Why do people think aliens can't exist?

Similar conditions may have existed on Venus and/or Mars in the early solar system, but both are tectonically inert and have no magnetosphere to protect life from radiation. No other planet has a moon so large as to be almost a a doubl-planet that effects the tides on our oceans exposed to the sun. If life exuists elsewhere in the solar system that would a great discovery... but complex life capable of making astronomical instruments and sending out space-probes?

We have no idea how life began (speciation once life begins is a different issue), no idea how it moved from ocean to land and we don't seem to have reliable evidence of UFO's so far.

All life that we know of evolved to live on this planet and no other, and I expect the same would hold for other life forms and their homes.

I'm more interested in the problems in our current theories the James Webb Telescope discoveries are causing.

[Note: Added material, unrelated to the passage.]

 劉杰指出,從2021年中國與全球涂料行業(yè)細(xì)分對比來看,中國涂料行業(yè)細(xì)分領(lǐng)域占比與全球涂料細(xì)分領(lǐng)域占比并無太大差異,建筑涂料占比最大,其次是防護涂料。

I don't disagree with anything you wrote here. The point of my paragraph you quoted was to show life exists in places we thought it couldn't, and is almost certainly doing so right now in places not yet found. We've found life on the edge of volcanic vents, we've found worms that live in ice that melt when removed from the ice, etc etc.. I have no issue believing there are places in our own solar system that are supporting life or at least have supported life in the past. Will we find them? I hope so. Might not happen though.
 
When people are talking about Aliens they usually don’t mean microbes – which have yet to be found anywhere but Earth.

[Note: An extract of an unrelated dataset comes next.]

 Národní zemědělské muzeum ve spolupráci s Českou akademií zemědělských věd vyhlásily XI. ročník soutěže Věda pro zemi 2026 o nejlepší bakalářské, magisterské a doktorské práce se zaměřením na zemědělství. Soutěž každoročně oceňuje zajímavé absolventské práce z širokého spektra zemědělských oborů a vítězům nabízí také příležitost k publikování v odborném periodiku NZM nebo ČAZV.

What makes life formation possible? We don’t know how life started here, so how can we say other places in the Solar System let alone elsewhere have sufficient conditions and stimulus?

For billions of years life on earth was bacteria and archaea with their formation a complete mystery, with the notion being that some archaea ate some bacteria and complex life began. The bacteria and the archaea were unique to Earth and took a couple of billion years to merge.

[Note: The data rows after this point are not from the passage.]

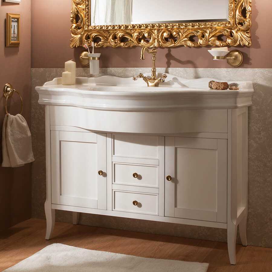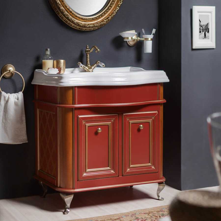 При исполнении ванной комнаты в стиле классицизма, которому присущи специфические облицовочные материалы с оттенками серебра и золота, а также элементами резьбы установка тумбы из нержавеющей стали или керамики не будет сочетаться с роскошью и богатством общего ремонта.
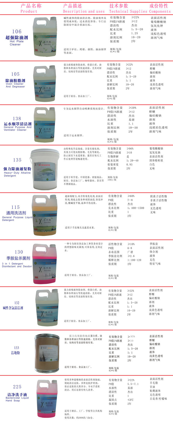 | WE115 通用洗潔劑 | WE131 季胺鹽殺菌劑 | WE132 堿性含氯清潔劑 |
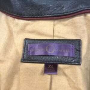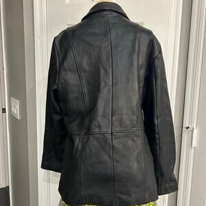 Classic Wilson’s Leather genuine leather blazer jacket in black. Soft, pebbled real leather with a structured, mid-length fit and two-button front. Fully lined (cotton body / nylon sleeves). Tag size XL, but measurements fit more like a Women’s Medium–Large.
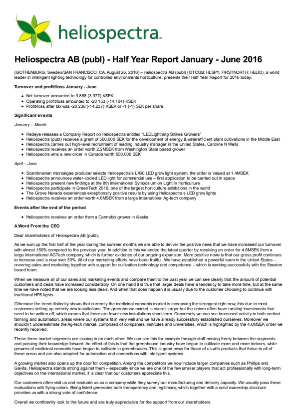 - Heliospectra receives an order worth 2.2MSEK from Washington State based grower
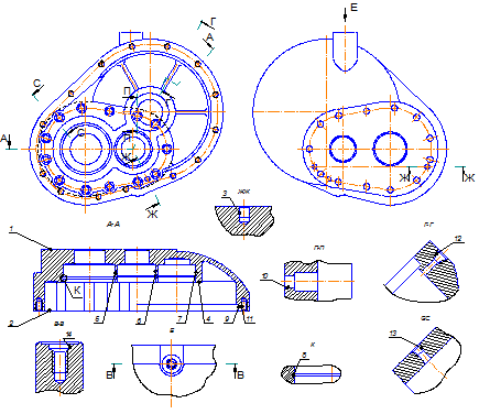 подшипников, ведомого и ведущего вала и т.д. Внешние контуры детали плавные,

That some kind of life may be found in the Solar System is remotely possible, I guess. The way life thrives here almost everywhere makes it seem more likely than it is, at least IMHO. Volcanic vents are tectonic activity and cycling of material we don't see elsewhere. Without a Magnetosphere and the rest that shelters the worms in the ice from radiation I have my doubts.
 
I don't disagree with anything you wrote here. The point of my paragraph you quoted was to show life exists in places we thought it couldn't, and is almost certainly doing so right now in places not yet found. We've found life on the edge of volcanic vents, we've found worms that live in ice that melt when removed from the ice, etc etc.. I have no issue believing there are places in our own solar system that are supporting life or at least have supported life in the past. Will we find them? I hope so. Might not happen though.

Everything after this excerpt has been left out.